All Content Management Systems (CMS) Are Broken In a Bad Way.

Following is a transcript of a talk that was given at the APIStrategy and Practice Conference in San Francisco, in October 2013.

PMP Stylized as a Breaking Bad poster

Part One: Your CMS Is Broken. And So Is Mine.

I was invited here, today, to tell you about a massive content platform that we built as a Hypermedia API and why it is revolutionary.

But before we get to the good part, I need to make a confession:

All content management systems are broken in a bad way.
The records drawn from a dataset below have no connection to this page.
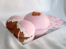 Zwangerebuiktaart aangekleed met een leuk roze jurkje en versierd met bloemetjes en baby voetjes. De zwangerebuiktaart is een ware traktatie voor de geboorte van uw kind!
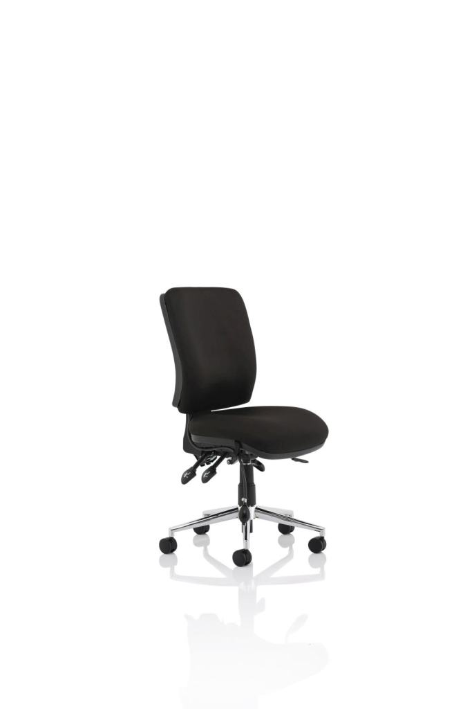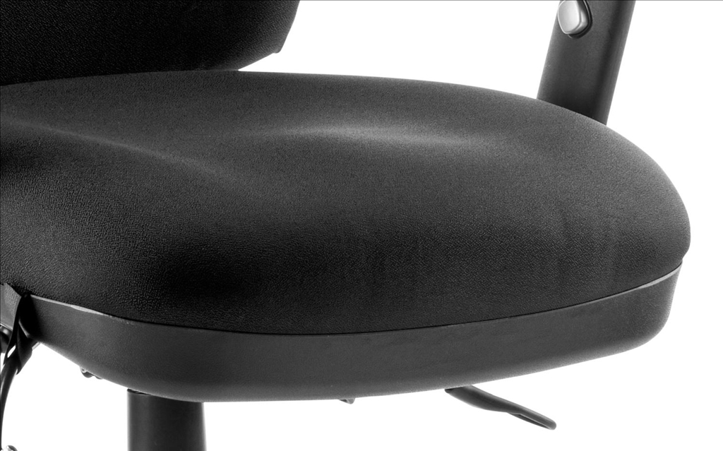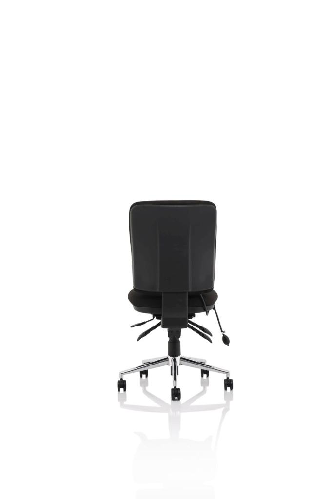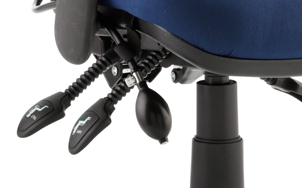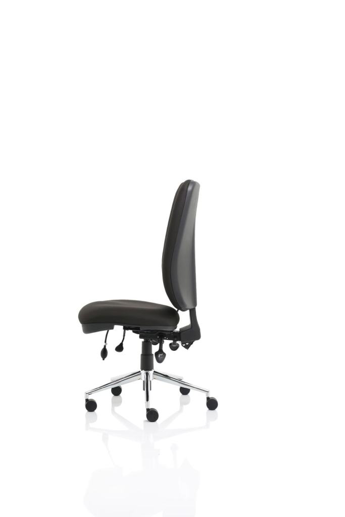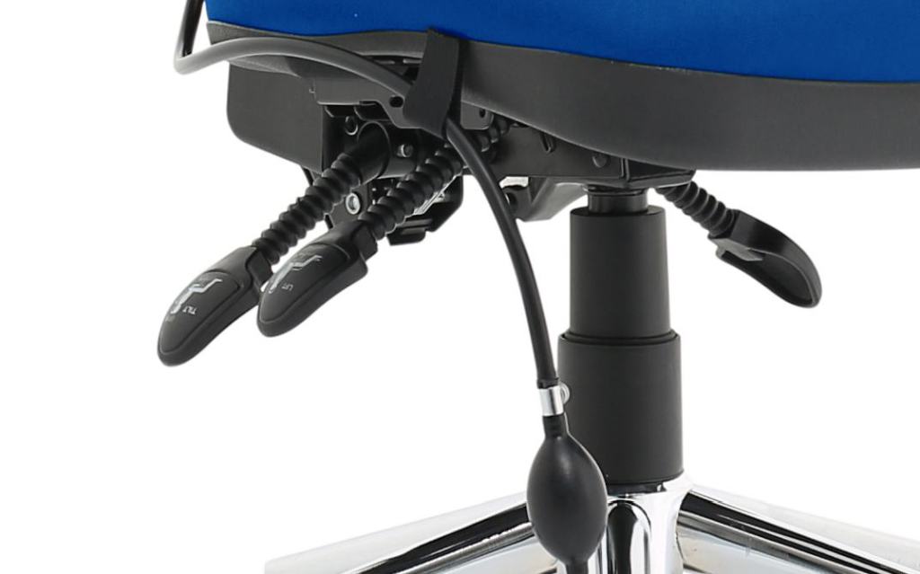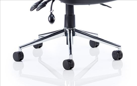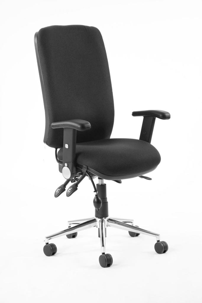 • Posture chair – approved by a UK Chiropractic Doctor • Height adjustable ratchet backrest with pump up lumbar support • Contoured foam seat and back for extra comfort • Triple lever independent mechanism • Independent seat and backrest tilt angle adjustment • Seat slide • Polished chrome 5 star base • Tested to BS 5459-2 • Gas lift tested up to: 150 kg • Usage: Task 24/7
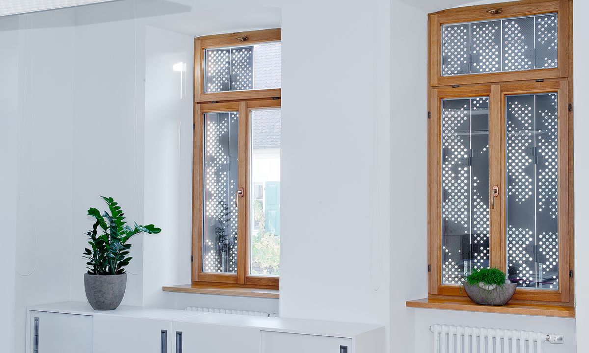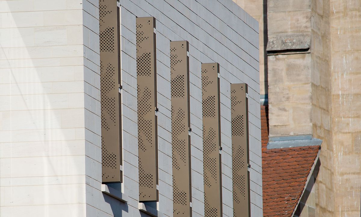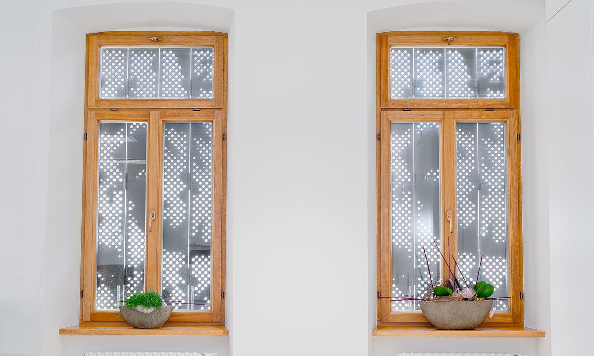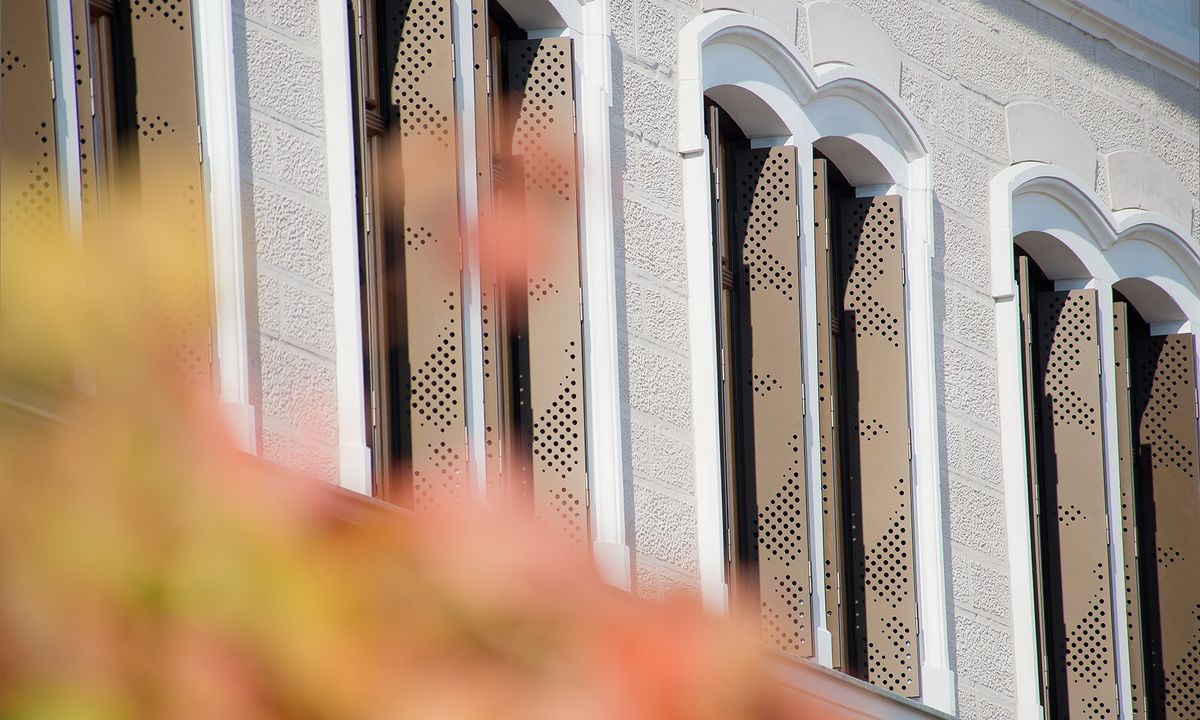In accordance with customer preference, the wing shutters were designed as perforated 10 mm aluminum plates without frames. The predefined perforation brings wonderful light effects into the interior of the building and recalls Iphofen's history of wine-making. In line with the overall concept, the STYLE - special color IGP 4201E82291A3F – a warm brown tone – was selected. The wing shutters were ordered as Diagram 4, i.e. four shutters per window including ball catches for fastening. The armatures selected were completely traditional, with universal bands and screw clamps.
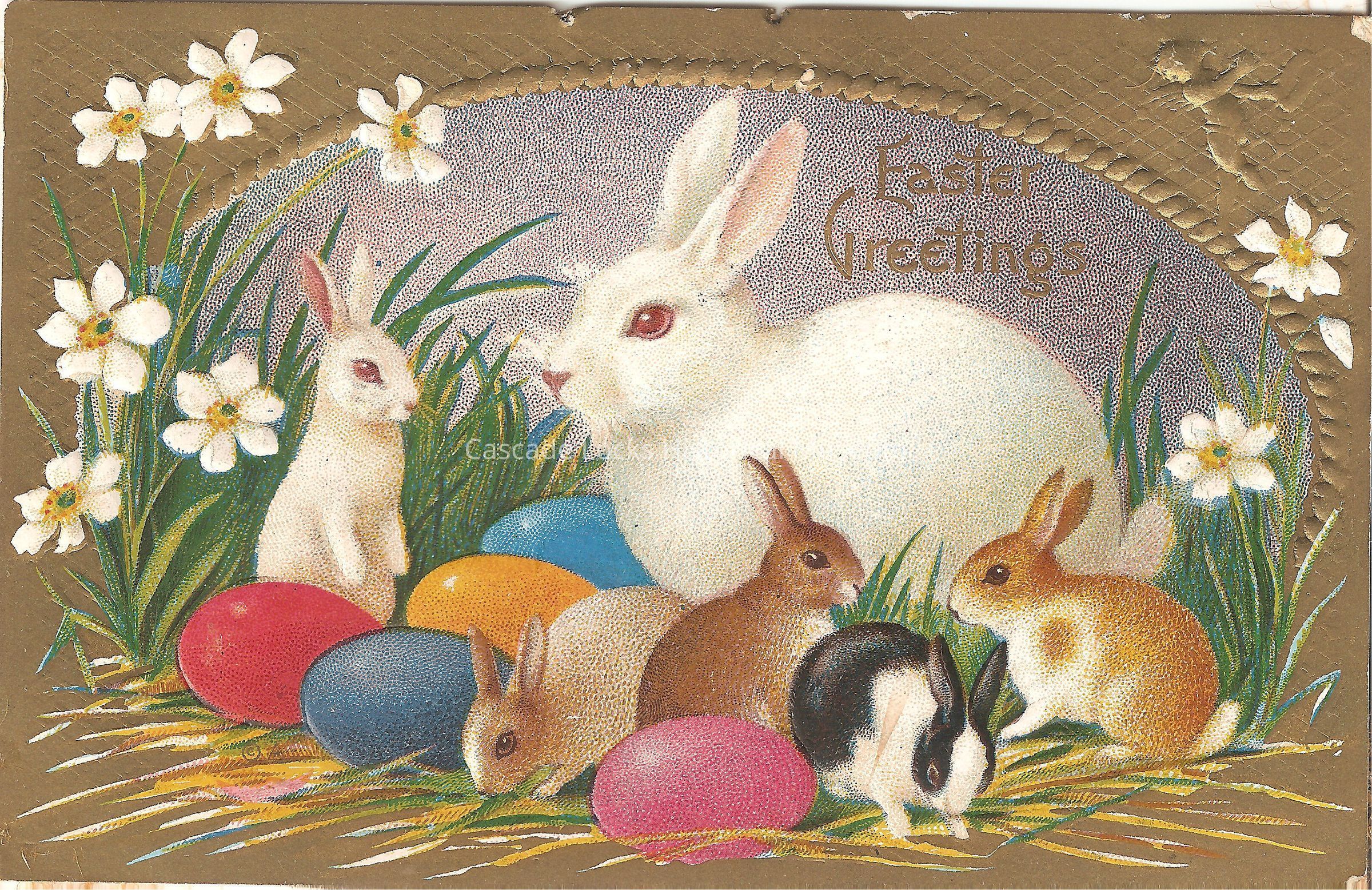 Postcard, illustrated image of six bunnies in varying colors surrounded by easter eggs. Card has a gold boarder with white flowers. The card reads. "Easter Greetings."
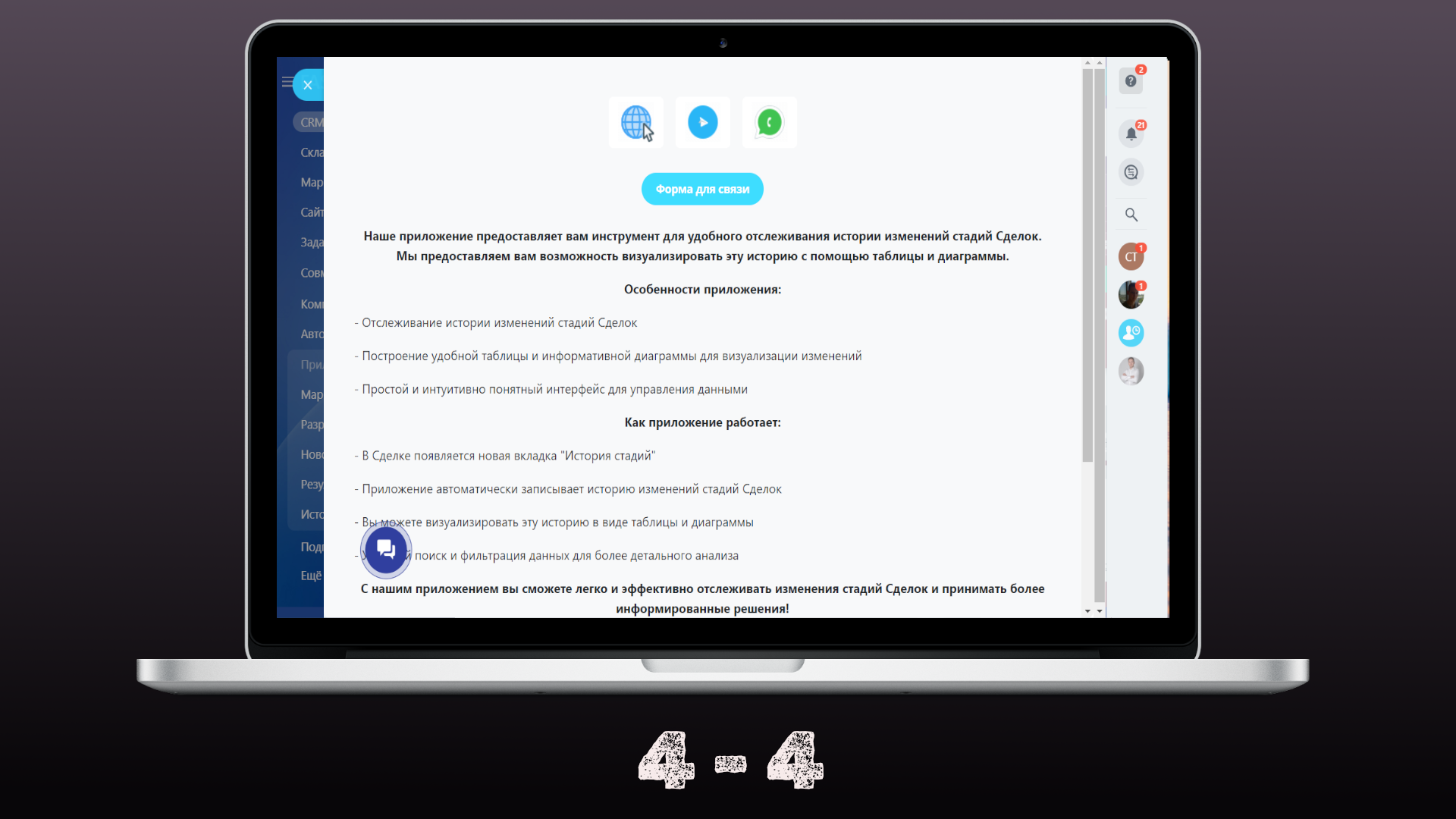 История стадий - это незаменимый инструмент для бизнесов, которые стремятся более эффективно управлять процессами продаж и повышать качество обслуживания клиентов. С нашим приложением вы всегда будете в курсе изменений и сможете принимать обоснованные решения для достижения больших успехов.
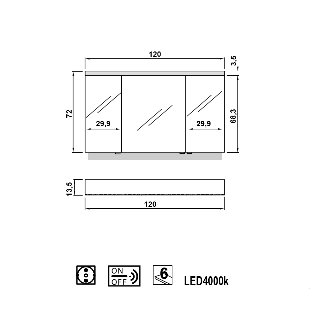 Kast met 3 spiegeldeuren. Een dunne lijn van licht kenmerkt het profiel van dit kabinet om een perfecte frontale verlichting bieden. Geïntegreerd in de topstructuur en de onderkant van de volledige omgevingslicht de lichtopbrengst van deze spiegel bestuurd door een sensor. Gemakkelijke het openen van de deuren door een chroomstaal handgreep. Structuur FENIX, polymeer materiaal met nano technologische behandeling, waterafstotend, anti-fingerprint en zacht aanvoelt. Geleverd met socket en schakelaar.
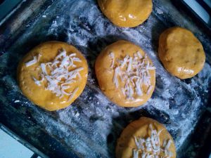 椰丝稍微按压在南瓜表面。椰丝比较干,容易烤焦,最好用锡纸覆盖烤。

How do I know? I know because I have been part of the problem. I have spent a decade building content management systems for large multinationals, US Federal Government and a number of leading news organizations. I’ve done my share of proprietary ones and for years I was also a top contributor to open-source Drupal, which some of you probably use.

This is my public confession that we, despite all our best intentions, have failed miserably. No modern CMS is really architected for what publishers need.

What do publishers need? They need:

An easy way to connect to many content sources.
Ability to push content to many destinations: web, mobile and probably B2B.
They need their CMS to be architected for the “Cloud” so they don’t have to ever worry about silly things like: “are my servers up?”, or “do they scale?”

Unfortuantely, these are not the concerns that any CMS is architected for. . The mismatch of needs and the solutions isn’t just a problem for NPR or New York Times or Reuters. We live in the age of ‘Everybody Is a Publisher’.

A very vivid example of how deeply broken content management systems are, is how many people are choosing Github for publishing websites. And these are not just some geeks. The website part of healthcare.gov was built on top of Git. Ironically it was also the only part that actually worked.

If people are choosing code versioning systems to publish content, it’s safe to say: “Houston, we have a problem”.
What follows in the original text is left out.